Figure 5 with 2 supplements see all
The signal of ancient balancing selection.

(A) Absolute number and (B) fraction of ssSNPs (blue), ts2-waySNPs (purple), and ts3-waySNPs (orange) for Capsella. Only sites accessible to read mapping in all three species were considered. (C) Derived allele frequency (using A. lyrata and A. thaliana as outgroup) of ssSNPs (blue), ts2-waySNPs (purple) and ts3-waySNPs (orange). (D) Pairwise diversity (π) as a function of distance from a ts3-waySNP in C. grandiflora, C. rubella, and C. orientalis. Bottom right, Divergence between the C. rubella/C.grandiflora and C. orientalis lineages as a function of distance from a ts3-waySNP. Black dots, means over all sites at a particular distance, and coloured lines, means over bins of 50 bp. (E) Enrichment of ts3-waySNPs and ts3-wayhqSNPs in candidate balanced regions from the C. rubella/C. grandiflora comparison. (F) Watterson’s estimator (Θw) of genetic diversity in C. orientalis, in 20 kb windows. Grey-to-blue scale indicates the genome-wide percentile of the same window for Θw) in C. rubella. (G) ts3hqSNP number in each window.

https://doi.org/10.7554/eLife.43606.027
Figure 5—source data 1

Three species diversity and divergence.

The numbers 1–4 indicate the folddegeneracy of the codon for CDS sites.

https://doi.org/10.7554/eLife.43606.030

Because this large amount of trans-specific polymorphism was unexpected, we wanted to ensure that this was not due to more error-prone read mapping to a distant reference. We therefore also used an additional set of more stringent filters to identify high confidence ts3-waySNPs (ts3-wayhqSNPs; see Materials and methods). Importantly, we required ts3-wayhqSNPs to be in LD with at least one other ts3-wayhqSNP in all three species (r2 >0.2 in the same phase), to provide evidence that they represented the same ancestral haplotype. The aim was to improve the likelihood that such SNPs were true examples of identity by descent. Furthermore, we generated a draft assembly of the C. orientalis genome using Pacific Biosciences SMRT cell technology, and re-called ts3-waySNP sites. We identified 812 high quality transpecific SNPs segregating in all three species (ts3-wayhqSNPs). The distributions of coverage and concordance values in this dataset were similar between ts3-waySNP sites and other C. orientalis sites, further supporting their authenticity (Figure 5—figure supplement 1).
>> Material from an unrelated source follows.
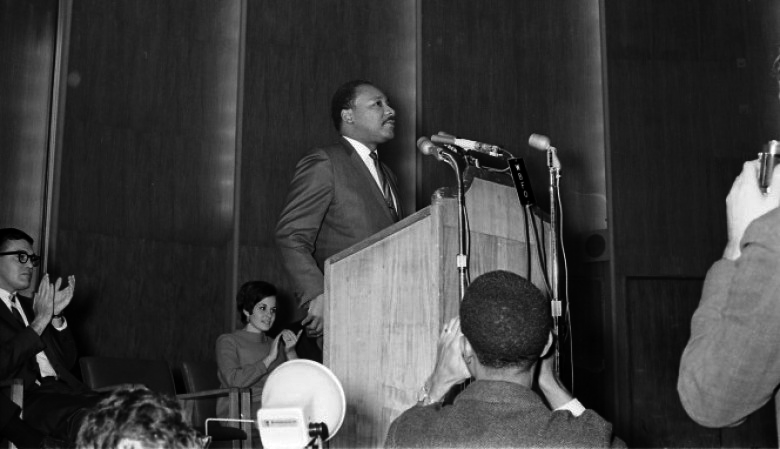 It is five months before his assassination. His extemporaneous talk is titled "The Future of Integration." More than 2,000 are in attendance, far from a full house. Dr. King speaks not only about integration, but also about the importance of education and voting, about the racial violence ravaging the country, and about his staunch opposition to the Vietnam War.

As discussed earlier, the presence of trans-specific polymorphism in diverged species could be driven by stable balancing selection or it could result from gene flow between the species. While C. grandiflora and C. rubella occur around the Mediterranean, C. orientalis is restricted to Central Asia (Hurka et al., 2012) and its current distribution is far from that of C. grandiflora and C. rubella. Modern gene flow between the C. orientalis and C. rubella/C. grandiflora lineages is therefore unlikely, but it is possible that the ranges of these species overlapped in the past. If alleles have been maintained since the split between the lineages, then the divergence between maintained alleles should meet or exceed the divergence between the species. On the other hand, if ts3-wayhqSNPs are the result of recent gene flow between the lineages, then divergence between species near these SNPs should be reduced compared to the genome-wide average divergence. We examined diversity and divergence at neutral (four-fold degenerate) sites surrounding ts3-wayhqSNPs (Figure 5D). In all three species, diversity was high directly adjacent to ts3-wayhqSNPs, close to average levels for genome-wide divergence between the two Capsella lineages. This footprint of elevated diversity is much more discernible in the two selfing species than in C. grandiflora. No obvious reduction in divergence was observed near ts3-wayhqSNPs (Figure 5D). We conclude that ts3-wayhqSNPs correspond predominantly to long-term maintained alleles that diverged on ancient time scales and that they are not the result of recent introgression.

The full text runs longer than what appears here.